2. The convolutional neural network-based 360-degree image salient object detection method as claimed in claim 1, wherein in the step S1-2, the isometric 360-degree image is generated into a corresponding cube projection image by using the mapping relationship between the isometric projection and the cube projection.

3. The convolutional neural network-based 360-degree image salient object detection method as claimed in claim 2, wherein the expression of the mapping relationship of the isomorphic projection and the cubic projection is as follows:

q _i ＝R _fi ·p _i

is the x, y, z component of the q coordinate, R _fi Representing a rotation matrix, f _i For a given imaging plane, p _i For a known imaging plane f _i Point of (1), x, y, z tableShows p _i Is determined by the three-dimensional coordinates of (a),

4. the convolutional neural network-based 360-degree image salient object detection method as claimed in claim 1, wherein the image data input by the feature pyramid network comprises an equidistant 360-degree image and a cubic projection image, and the equidistant 360-degree image and the cubic projection image corresponding to the equidistant 360-degree image form an image sample.

5. The 360-degree image salient object detection method based on the convolutional neural network as claimed in claim 4, wherein the method for constructing the feature pyramid network is as follows: FPN is adopted as a backbone network, wherein a bottom-up path is built based on Resnet-50.

6. The method for detecting the salient object in the 360-degree image based on the convolutional neural network as claimed in claim 5, wherein in step S2, the feature extraction method is as follows:

7. The convolutional neural network-based 360-degree image salient object detection method of claim 1, wherein in the step S3, a set of four groups of features is output through four identical feature aggregation modules.

8. The convolutional neural network-based 360-degree image salient object detection method as claimed in claim 6, wherein the feature transformation sub-module is used for transforming: and converting the 6 cube projection features into isometric projection features by using the mapping relation between the cube projection features and the isometric image features.

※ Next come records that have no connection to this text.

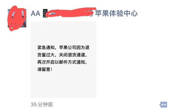 快科技9月25日消息,昨日有传言称“紧急通知,苹果公司因为退货量过大,关闭退货通道,再次开启以邮件方式通知,请留意!”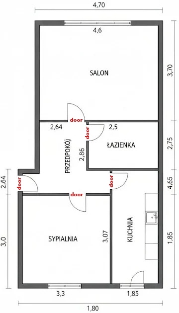 convert this floor plan into a realistic isometric 3d view of a full house show the space from an elevated angle with furniture walls and details visible modern cozy apartment interior scandinavian style wood floor in living room and bedroom tiles in bathroom add realistic furniture layout white door to salon corridor przedpok j bathroom azienka bedroom sypialnia kitche kuchnia dark door from the outside to the apartment use the same furniture as shows on the plan do not change the orientation of the floorplan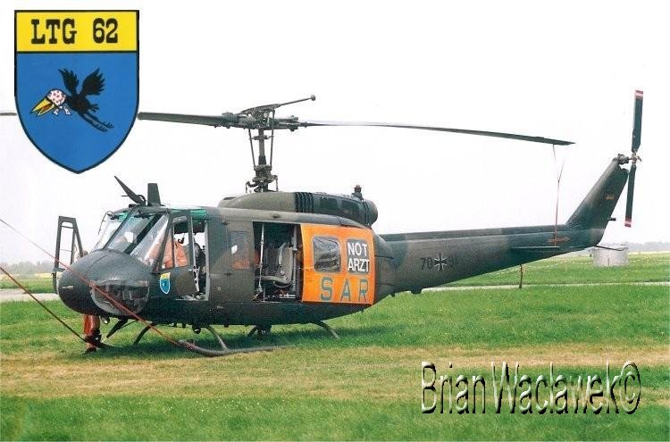 UH-1D "70+91" from LTG 62 on SAR dutis pictured here at ILA 2002 - INSERT - LTG 62 squadron badge.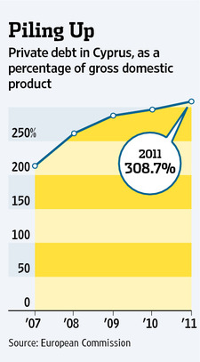 Secondo il governo, l’economia cipriota crescerà nel 2012 solo dello 0,8 per cento, ma l’FMI è ben più pessimista, e cioè che si contrarrà dell’1,2 per cento. Il debito privato, come si vede dalla tabella di fianco, è in forte crescita. I tassi di interesse dei titoli di stato sono saliti notevolmente negli ultimi tempi (quelli dei bond a 10 anni sono addirittura al 14 per cento) e le banche stanno già cedendo: recentemente il Parlamento ha approvato il salvataggio proprio della Banca Popolare di Cipro, che nella ristrutturazione del debito greco ha perso circa 2 miliardi di euro. Questo bailout costerà al paese circa il 10 per cento del suo PIL.

9. The convolutional neural network-based 360-degree image salient object detection method as claimed in claim 8, wherein the optimization method of the hole convolutional pooling pyramid sub-module is as follows: the method comprises the following steps of performing convolution parallel sampling on given input holes with different sampling rates, splicing obtained results together, expanding the number of channels, reducing the number of channels to an expected value through convolution with 1 x 1, which is equivalent to capturing the context of an image in a plurality of proportions.